▶ _Problem_
An exact reproduction is required of the lines from the beginning of the entries through the line with "Vamp and heel", pictures excluded and nothing added.

Stored data:
· · · ·

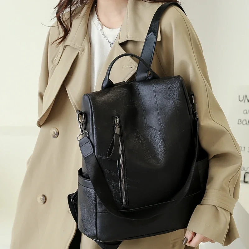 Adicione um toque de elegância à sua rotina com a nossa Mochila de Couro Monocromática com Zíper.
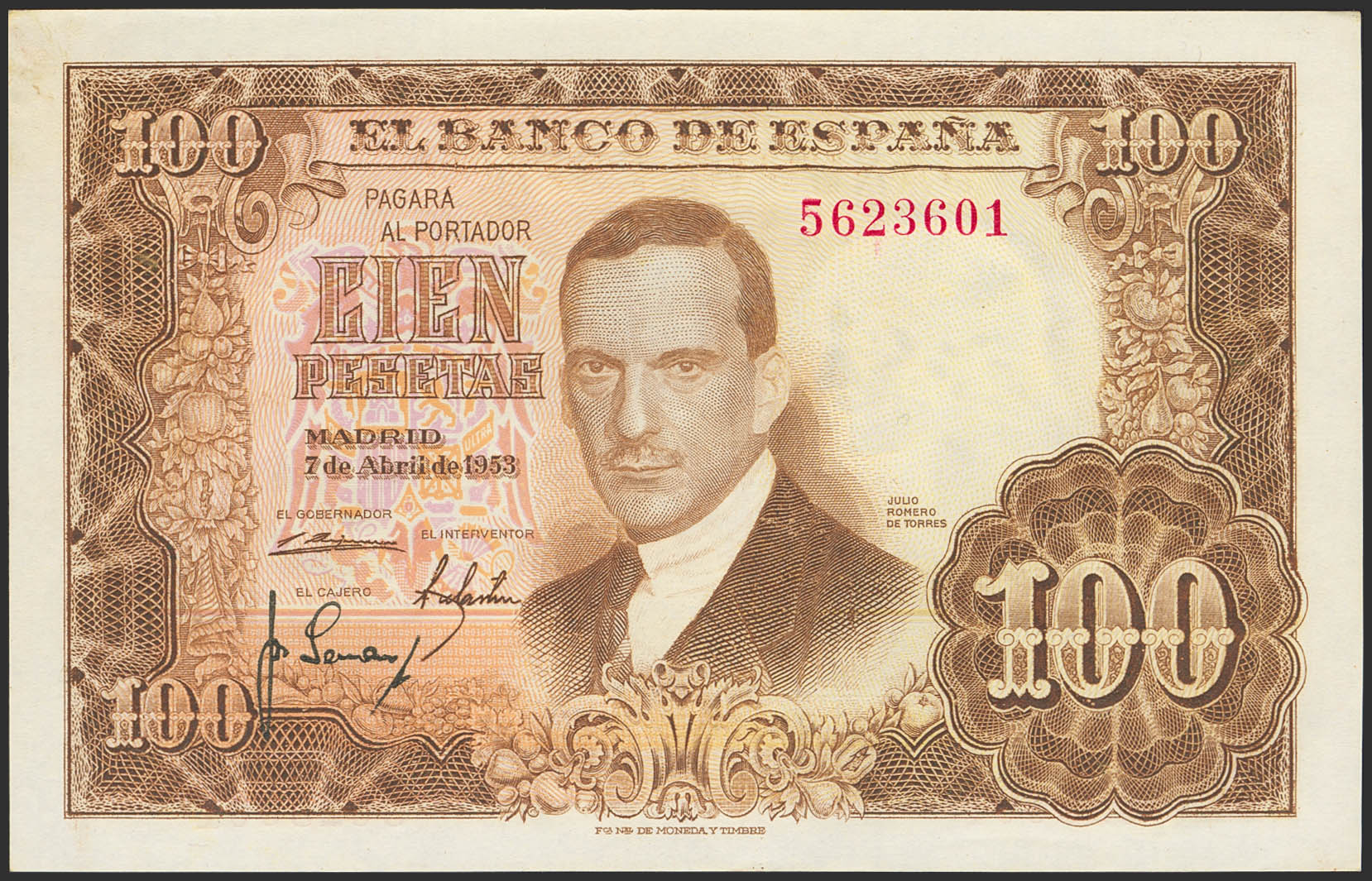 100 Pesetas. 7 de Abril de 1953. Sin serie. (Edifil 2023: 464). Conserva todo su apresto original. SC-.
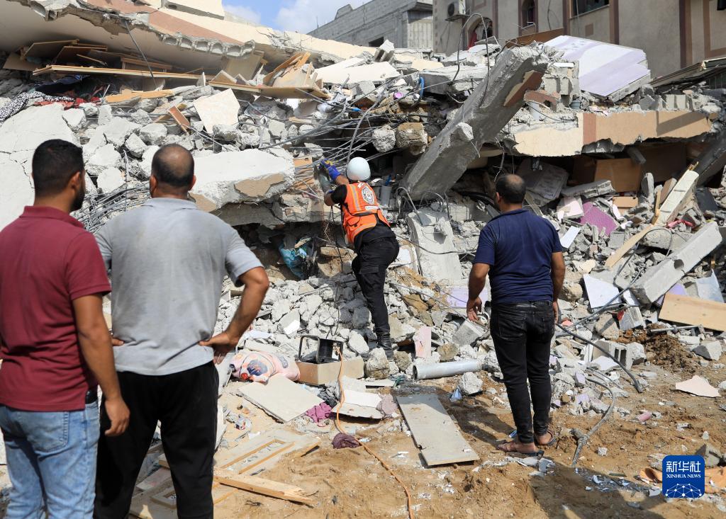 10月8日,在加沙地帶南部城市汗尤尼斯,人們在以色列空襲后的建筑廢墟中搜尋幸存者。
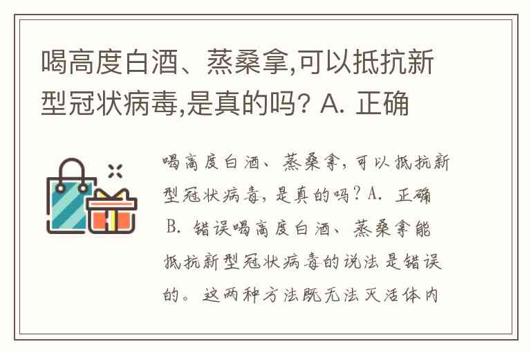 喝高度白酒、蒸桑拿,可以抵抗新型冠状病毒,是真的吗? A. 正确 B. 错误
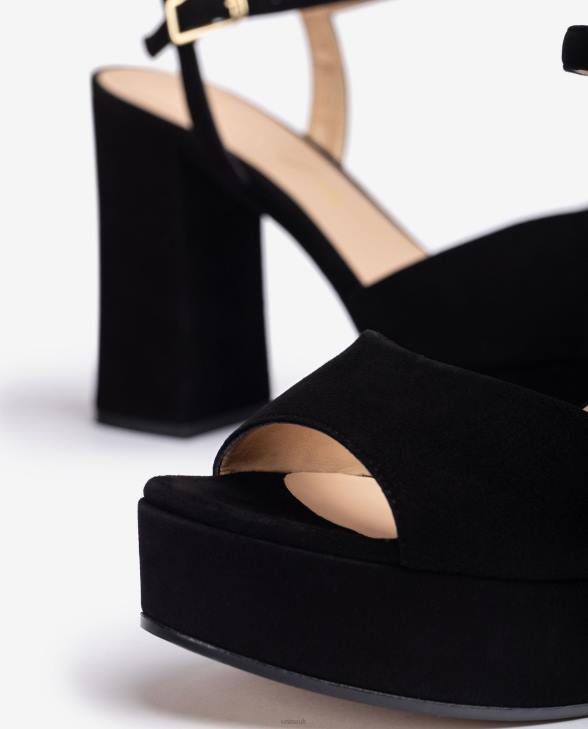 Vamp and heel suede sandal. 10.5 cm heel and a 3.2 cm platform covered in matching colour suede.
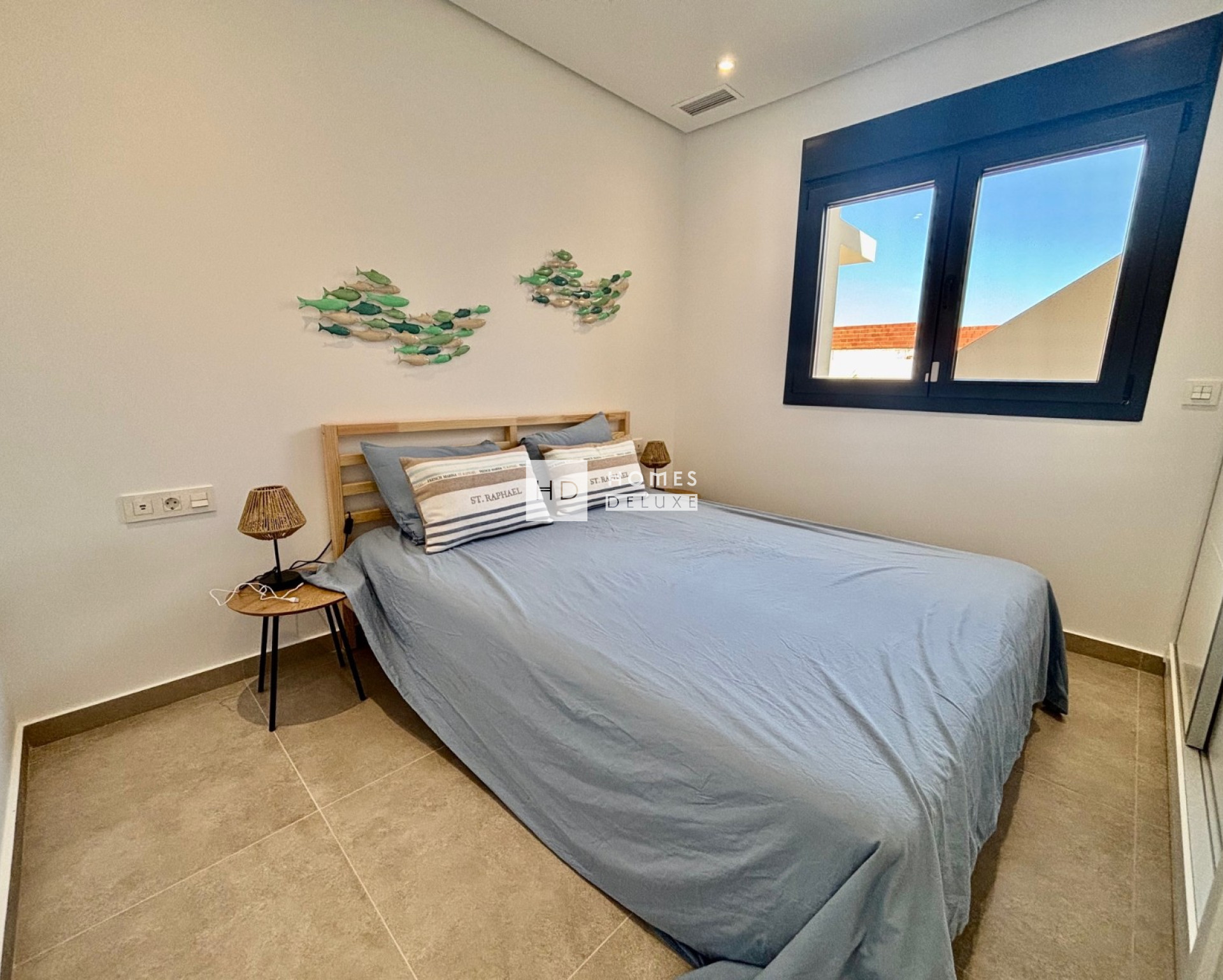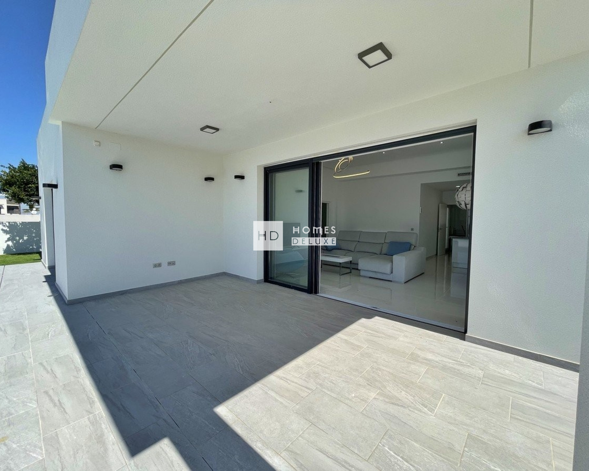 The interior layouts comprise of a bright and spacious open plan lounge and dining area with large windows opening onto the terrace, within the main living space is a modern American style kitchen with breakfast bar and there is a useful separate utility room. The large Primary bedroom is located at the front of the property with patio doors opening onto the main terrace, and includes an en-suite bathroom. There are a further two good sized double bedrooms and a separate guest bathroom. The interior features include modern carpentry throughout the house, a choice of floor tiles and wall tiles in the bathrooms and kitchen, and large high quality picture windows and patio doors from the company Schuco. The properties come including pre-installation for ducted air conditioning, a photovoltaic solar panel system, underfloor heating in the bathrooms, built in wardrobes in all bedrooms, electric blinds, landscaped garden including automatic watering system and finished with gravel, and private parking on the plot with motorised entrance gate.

· · · ·

▶ _Answer to this task_
 Adicione um toque de elegância à sua rotina com a nossa Mochila de Couro Monocromática com Zíper.
 100 Pesetas. 7 de Abril de 1953. Sin serie. (Edifil 2023: 464). Conserva todo su apresto original. SC-.
 10月8日,在加沙地帶南部城市汗尤尼斯,人們在以色列空襲后的建筑廢墟中搜尋幸存者。
 喝高度白酒、蒸桑拿,可以抵抗新型冠状病毒,是真的吗? A. 正确 B. 错误
 Vamp and heel suede sandal. 10.5 cm heel and a 3.2 cm platform covered in matching colour suede.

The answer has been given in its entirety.